## THE RECORDS
-----

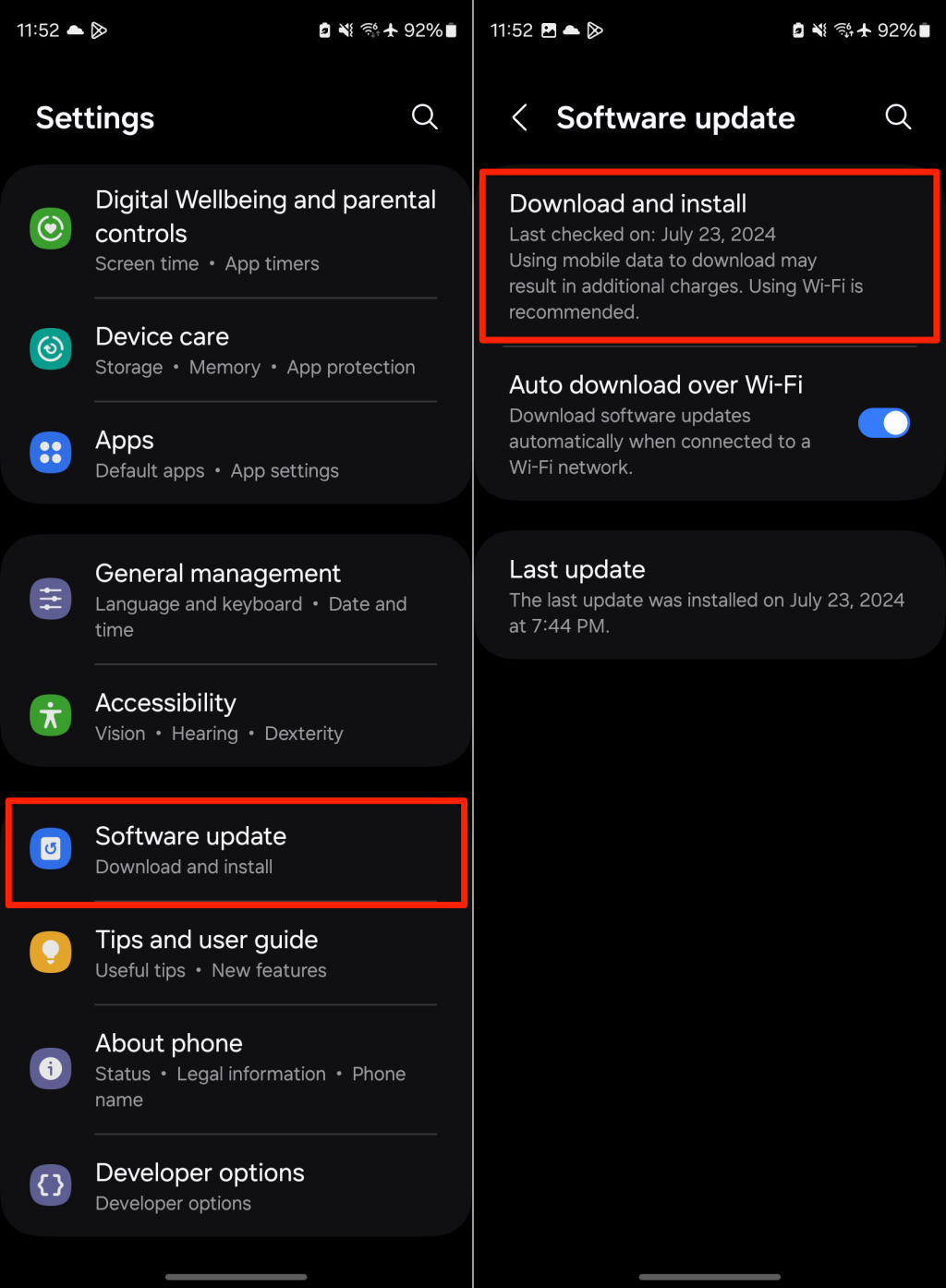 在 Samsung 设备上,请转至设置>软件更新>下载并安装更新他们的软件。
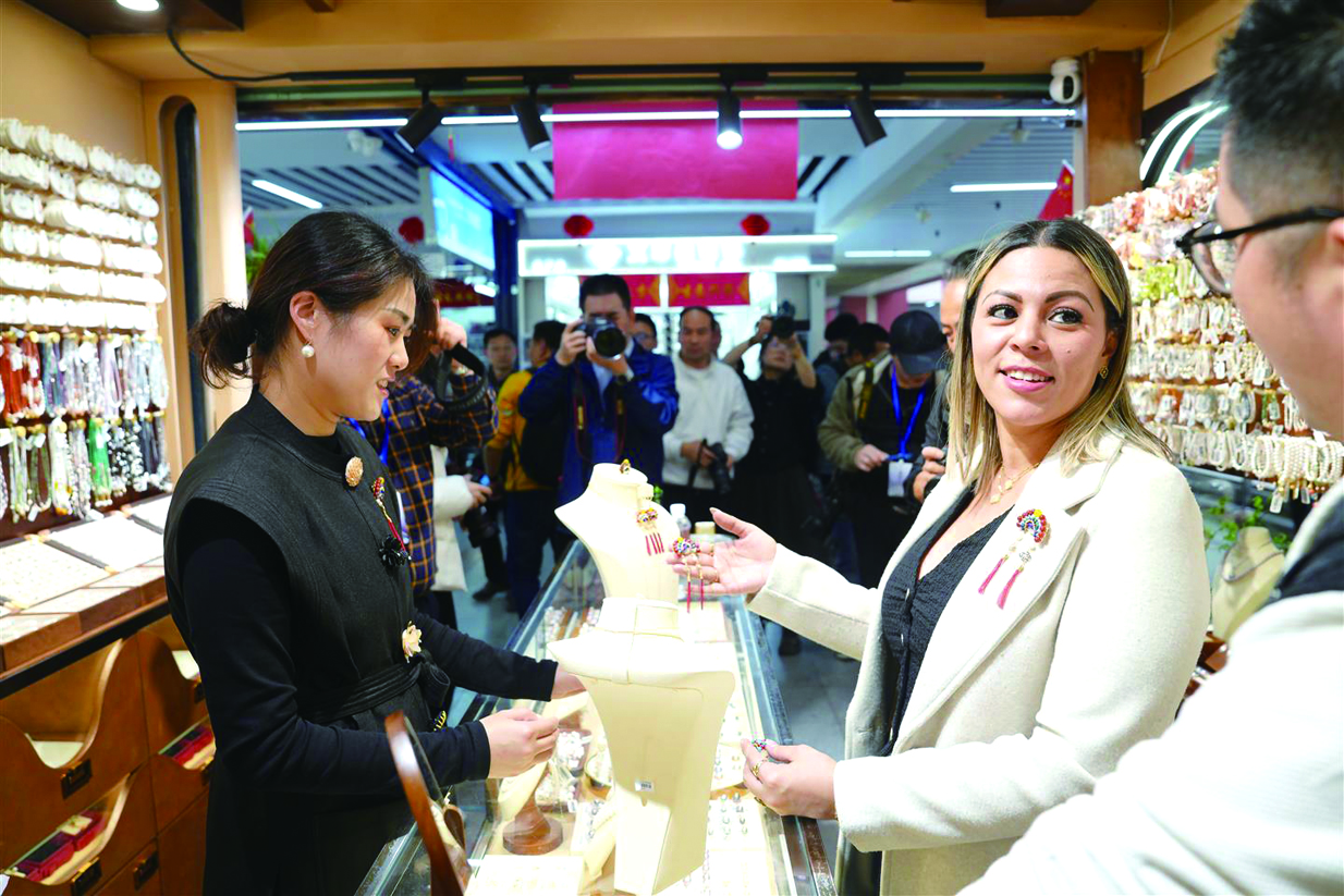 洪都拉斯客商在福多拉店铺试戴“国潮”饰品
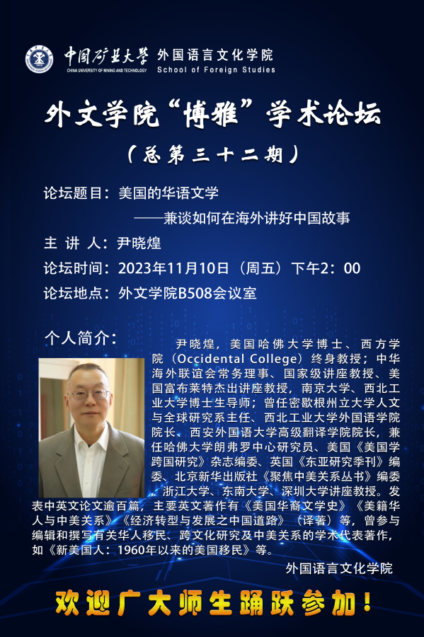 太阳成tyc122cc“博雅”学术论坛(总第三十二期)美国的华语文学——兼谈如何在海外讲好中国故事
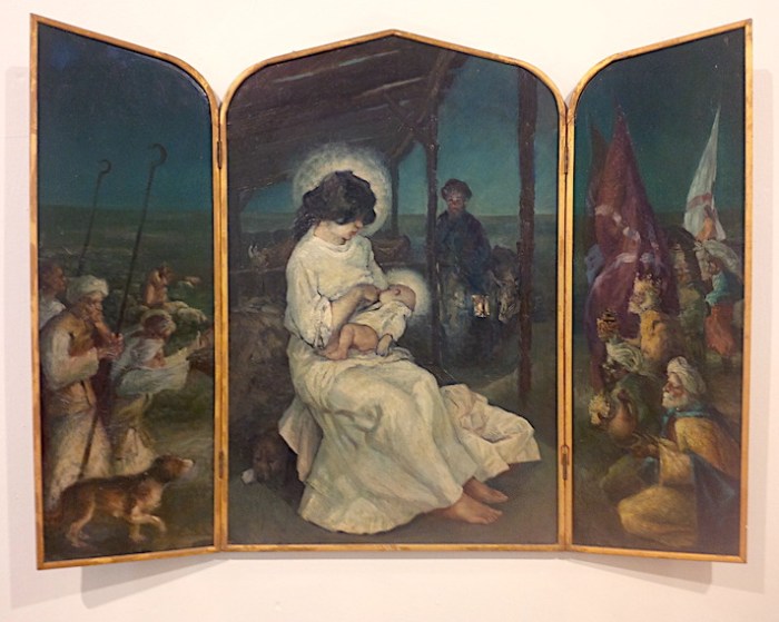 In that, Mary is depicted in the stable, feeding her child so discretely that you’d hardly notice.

-----

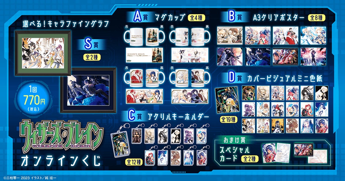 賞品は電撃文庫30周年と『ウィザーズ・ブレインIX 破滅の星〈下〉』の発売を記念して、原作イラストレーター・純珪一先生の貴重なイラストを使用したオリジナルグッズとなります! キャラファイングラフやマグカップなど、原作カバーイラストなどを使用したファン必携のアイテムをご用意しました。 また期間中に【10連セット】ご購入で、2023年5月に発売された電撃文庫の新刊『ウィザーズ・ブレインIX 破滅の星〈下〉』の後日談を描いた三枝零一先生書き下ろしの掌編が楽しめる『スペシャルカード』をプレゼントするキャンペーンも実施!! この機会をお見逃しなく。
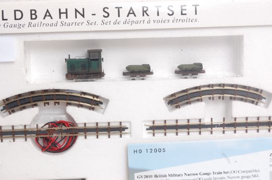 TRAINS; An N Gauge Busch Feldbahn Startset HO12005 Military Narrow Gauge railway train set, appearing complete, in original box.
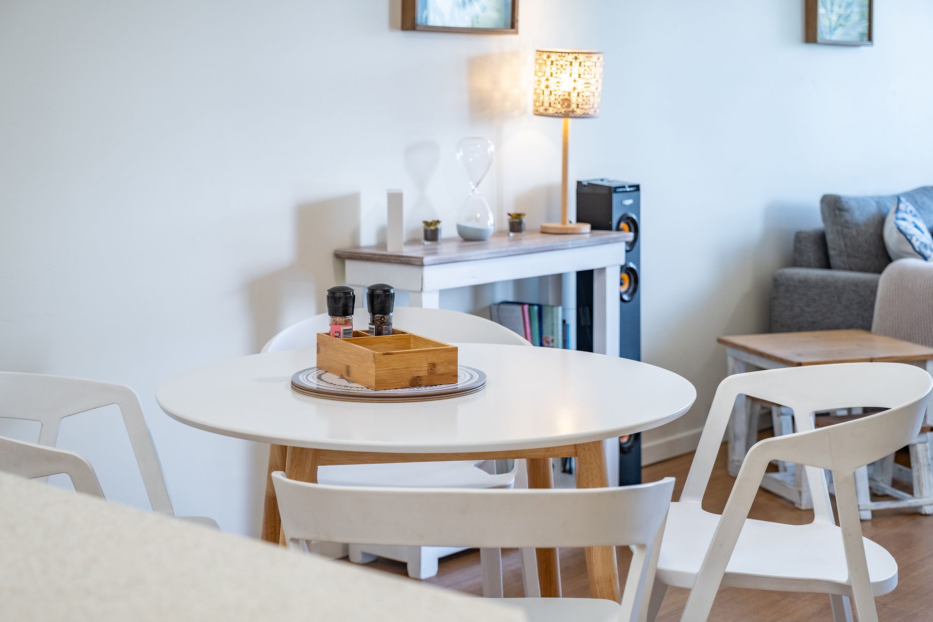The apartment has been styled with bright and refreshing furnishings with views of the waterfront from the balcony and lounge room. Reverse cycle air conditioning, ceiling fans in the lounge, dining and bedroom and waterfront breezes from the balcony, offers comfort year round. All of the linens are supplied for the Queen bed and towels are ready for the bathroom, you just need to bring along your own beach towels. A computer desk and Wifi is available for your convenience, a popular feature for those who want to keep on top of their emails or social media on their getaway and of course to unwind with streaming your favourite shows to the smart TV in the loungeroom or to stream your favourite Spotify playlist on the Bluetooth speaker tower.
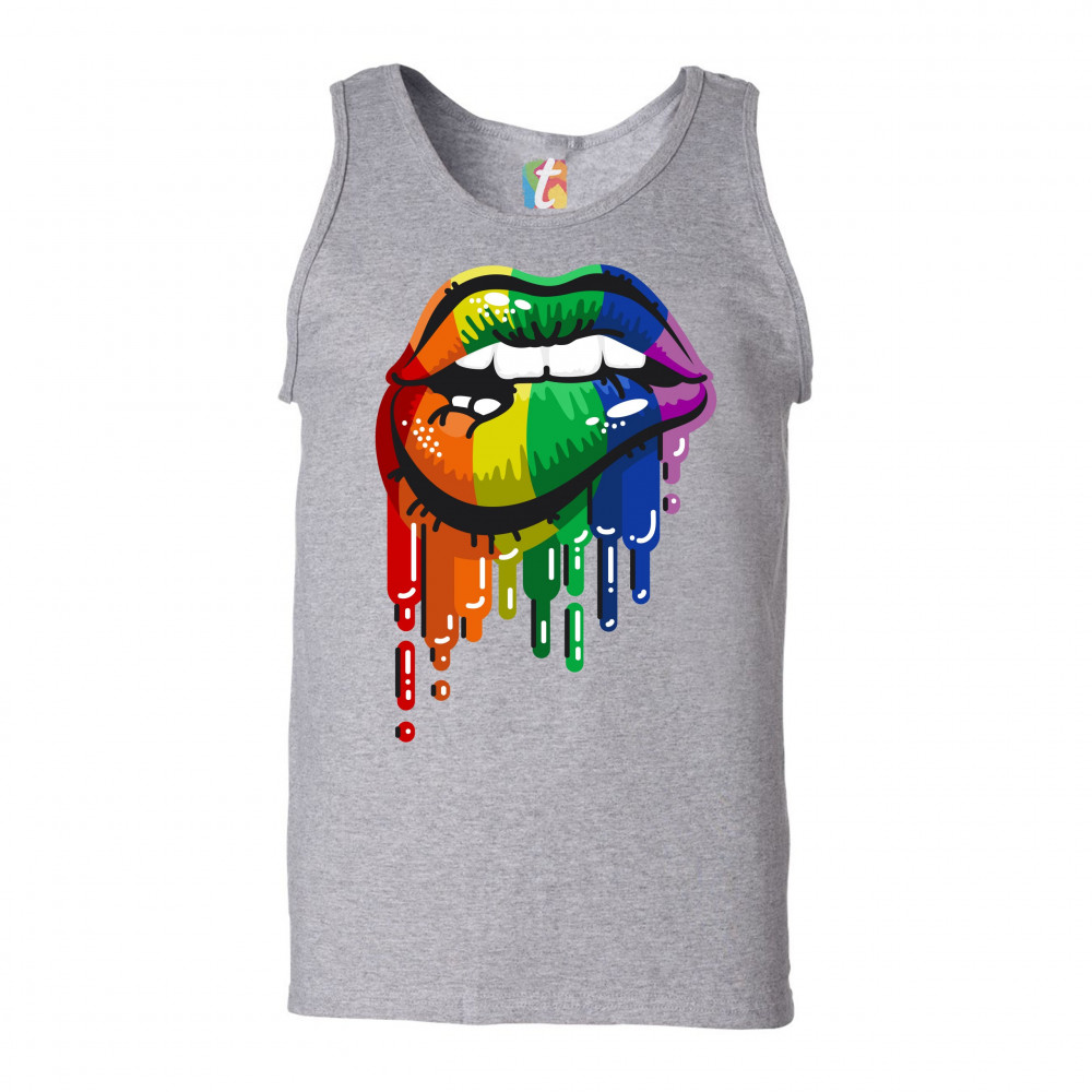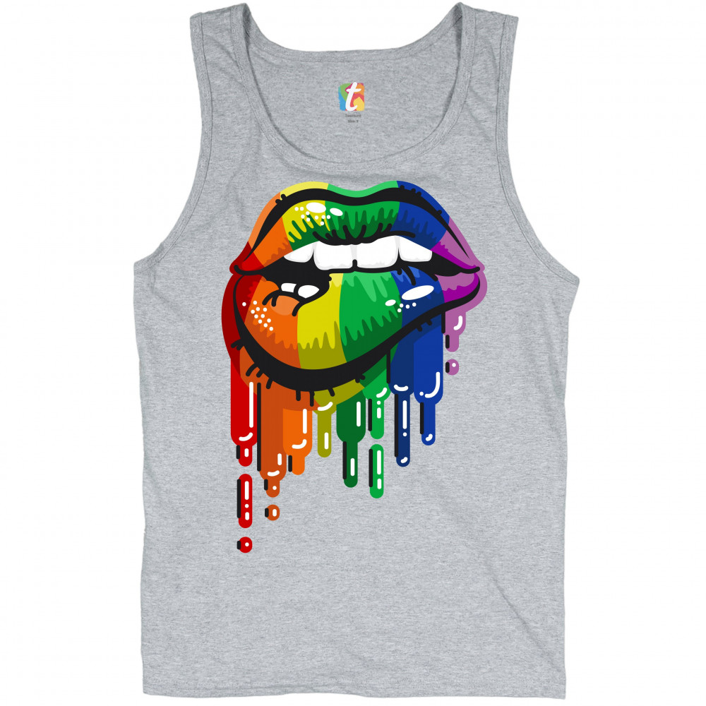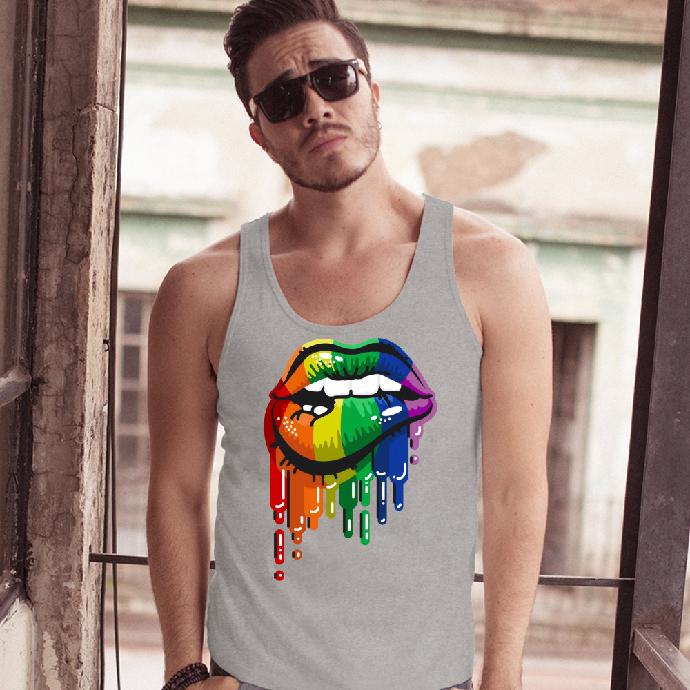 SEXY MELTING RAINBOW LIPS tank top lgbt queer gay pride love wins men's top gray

-----

Set the pictures aside and retype exactly the lines above from the line with "在 Samsung 设备上,请转至设置>软件更新>下载并安装更新他们的软件。" to the line with "In that, Mary", both included, adding no others.

 在 Samsung 设备上,请转至设置>软件更新>下载并安装更新他们的软件。
 洪都拉斯客商在福多拉店铺试戴“国潮”饰品
 太阳成tyc122cc“博雅”学术论坛(总第三十二期)美国的华语文学——兼谈如何在海外讲好中国故事
 In that, Mary is depicted in the stable, feeding her child so discretely that you’d hardly notice.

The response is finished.